From today, for the first time, courts will be able to make media organisations pay potentially massive costs’ bills if a criminal trial is aborted due to prejudicial reporting. 

Under s.93 Courts Act 2003 and the Costs in Criminal Cases (General) (Amendment) Regulations 2004, magistrates courts, the Crown Courts, and the Court of Appeal may make orders as to the payment of costs incurred by parties to criminal proceedings by a third party where there has been “serious misconduct (whether or not constituting a contempt of court)” by the third party and the court considers it appropriate. While the provision is equally applicable to non-media organisations, it is likely to be the media who are most at risk.
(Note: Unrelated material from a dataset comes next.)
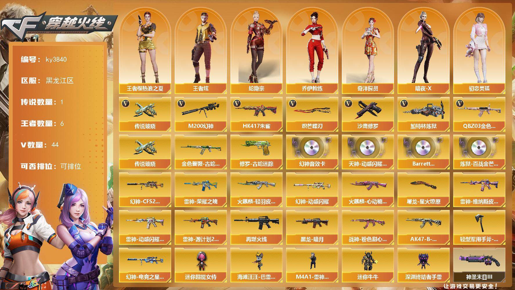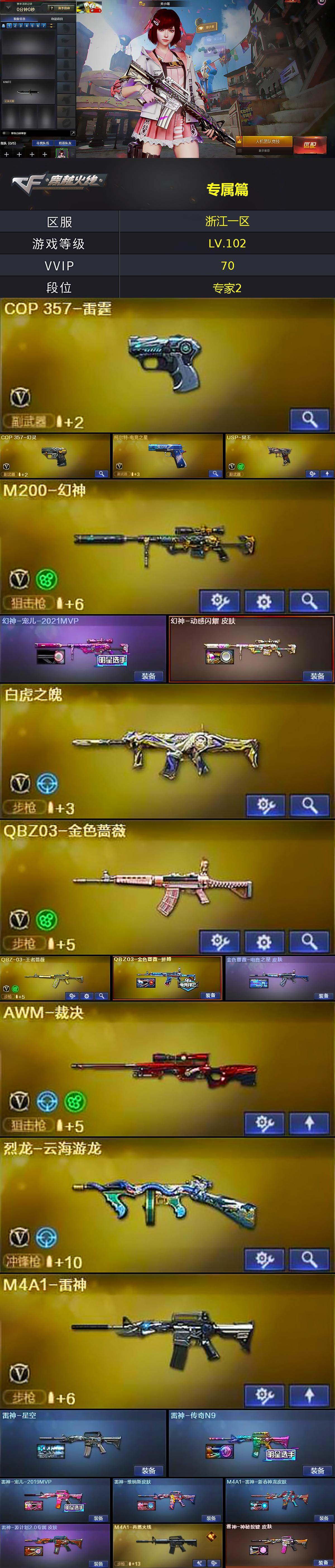 浙江一区-67V-5王者-0炫金【热门武器】:QBZ03-金色蔷薇,M200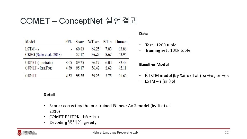 COMET – Concept. Net 실험결과 Data • Test : 1200 tuple • Training set : 100 k tuple Baseline Model • Bi. LSTM model (by Saito et al. ) sr→o , or → s • LSTM – s (sr→o) Detail • Score : correct by the pre-trained Bilinear AVG model (by Li et al. 2016) • COMET-RELTOK : Is. A ≠ is a • Decoding 방법은 greedy Natural Language Processing Lab 22

Important points to note about the new power include:

  • Penalties could be much larger than fines for contempt of court: if the Sunday Mirror had been fined for the aborted Woodgate and Bowyer trial, costs could have been in the millions, as opposed to the £75,000 fine the paper received; conversely, there is no risk of imprisonment.
  • There is no requirement that the criminal burden of proof be satisfied as to ‘serious misconduct’, as there is with contempt.
  • Precisely what constitutes ‘serious misconduct’ is not stated and will be left to trial judges on a case-by-case basis.
  • Unlike contempt of court, there is no need for the Attorney General’s consent before any action can be taken.
  • Under the Regulations the Court must allow the third party to make representations and may hear evidence, and there is a right to appeal.